[[ Information given, beginning ]]
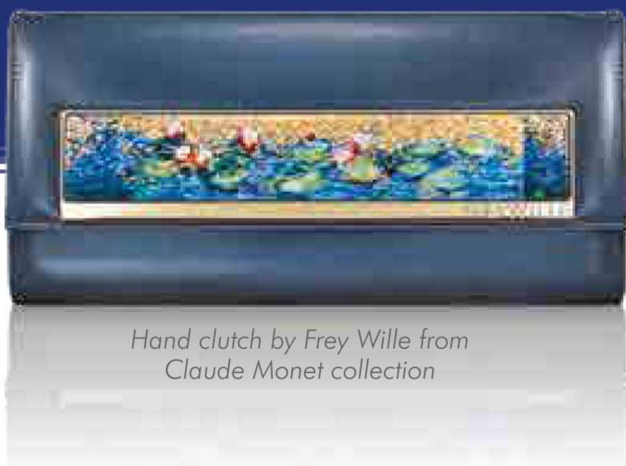
Hand clutch by Frey Wille from Claude Monet collection

FREY WILLE's team of passionate artists, designers, goldsmiths and enamel specialists have again done what no other could do by replicating the art of the French Impressionist 'Claude Monet'. They have created three ranges under this collection- Giverny, Honfleur and Orangerie which are truly to their inspiration and also in tune with the company's identity of uniqueness, brilliant colours and exclusive quality.
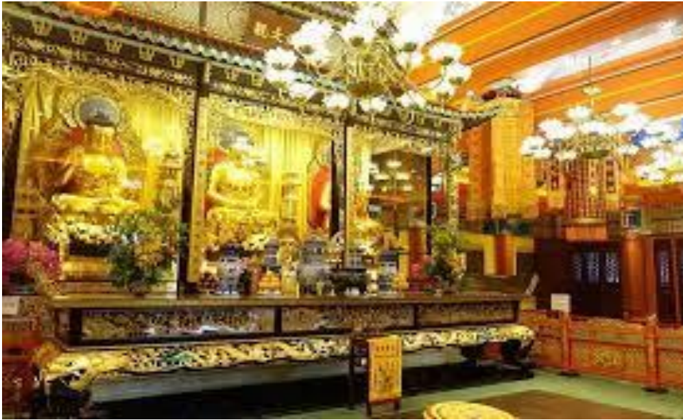
Po Lin Monastery

This journey will take us to some of the oldest and most revered Buddhist sites in China, including early Chan (Zen) monasteries. Over sixteen days, we will travel from Beijing to the Dunhuang Caves in the desert of Gansu province in the far north, where Buddhism first reached China from India along the Silk Road. We will explore Kumbum, one of the largest Tibetan monasteries in north-west China; the ancient Imperial capital of Xian; the renowned shrines and statues of the Longmen Grottoes; and the sacred mountain of Wutaishan, covered with temples and hermitages that date back hundreds of years and are still active today.
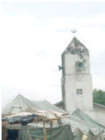
Unhcr - Oru Refugee Camp, Oru, Ijebu-North Local Government of Ogun State in Western Nigeria

Refugee camps are usually located in rural communities worldwide. Over five thousand refugees from war-torn areas of Africa notably Liberia, Sierra-Leone, the Democratic Republic of Congo, Sudan, Cameroon and Rwanda have been resettled in this camp about 2 hours drive from Lagos which was established under the auspices of the United Nations High Commissioner for Refugees.
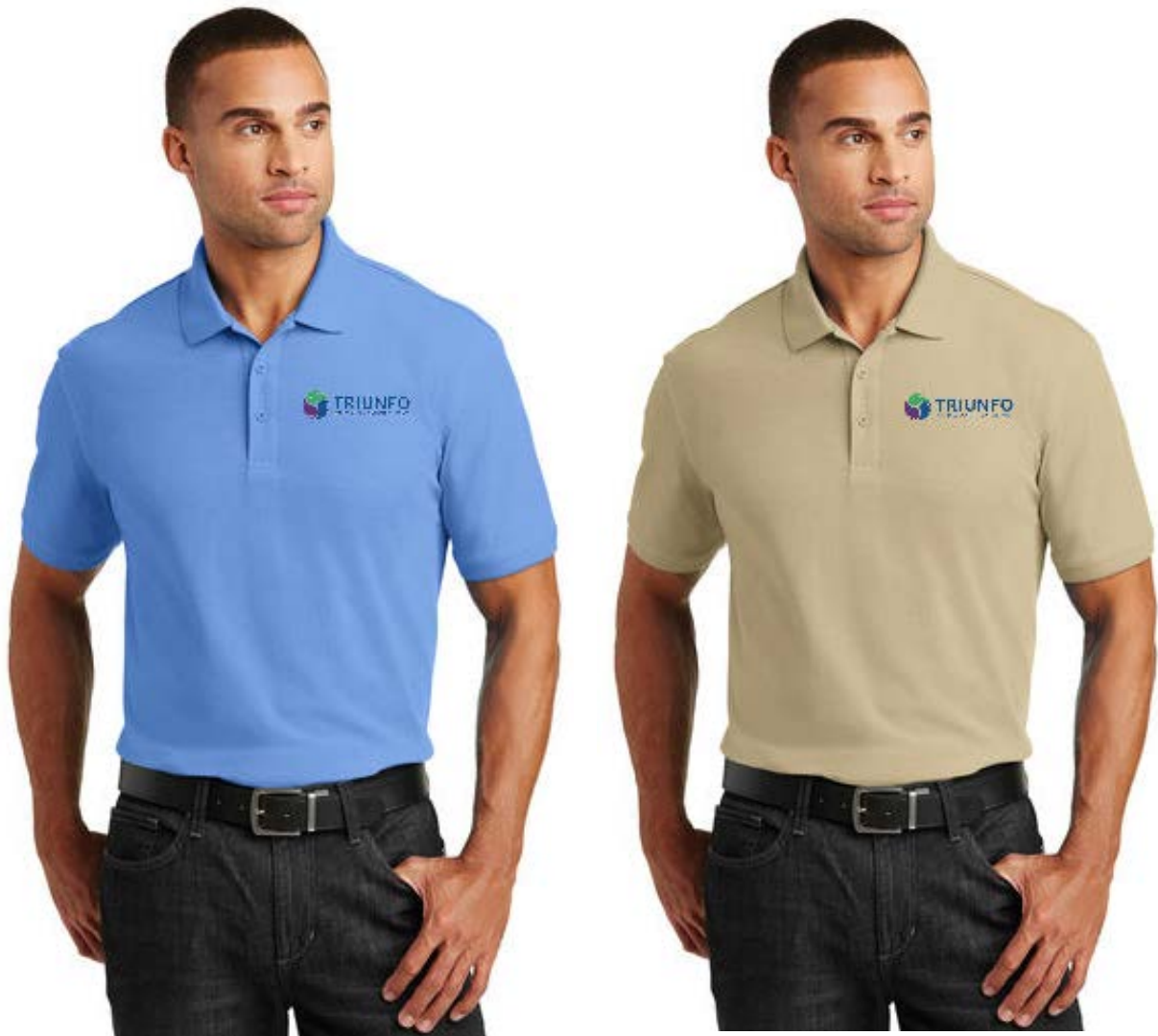
K100 – Port Authority Core Classic Pique Polo ($17.50)
[[ Information given, end ]]
Prompt.
Would you give the entries above again verbatim, omitting the images they contain?

Response.
Hand clutch by Frey Wille from Claude Monet collection

FREY WILLE's team of passionate artists, designers, goldsmiths and enamel specialists have again done what no other could do by replicating the art of the French Impressionist 'Claude Monet'. They have created three ranges under this collection- Giverny, Honfleur and Orangerie which are truly to their inspiration and also in tune with the company's identity of uniqueness, brilliant colours and exclusive quality.
Po Lin Monastery

This journey will take us to some of the oldest and most revered Buddhist sites in China, including early Chan (Zen) monasteries. Over sixteen days, we will travel from Beijing to the Dunhuang Caves in the desert of Gansu province in the far north, where Buddhism first reached China from India along the Silk Road. We will explore Kumbum, one of the largest Tibetan monasteries in north-west China; the ancient Imperial capital of Xian; the renowned shrines and statues of the Longmen Grottoes; and the sacred mountain of Wutaishan, covered with temples and hermitages that date back hundreds of years and are still active today.
Unhcr - Oru Refugee Camp, Oru, Ijebu-North Local Government of Ogun State in Western Nigeria

Refugee camps are usually located in rural communities worldwide. Over five thousand refugees from war-torn areas of Africa notably Liberia, Sierra-Leone, the Democratic Republic of Congo, Sudan, Cameroon and Rwanda have been resettled in this camp about 2 hours drive from Lagos which was established under the auspices of the United Nations High Commissioner for Refugees.
K100 – Port Authority Core Classic Pique Polo ($17.50)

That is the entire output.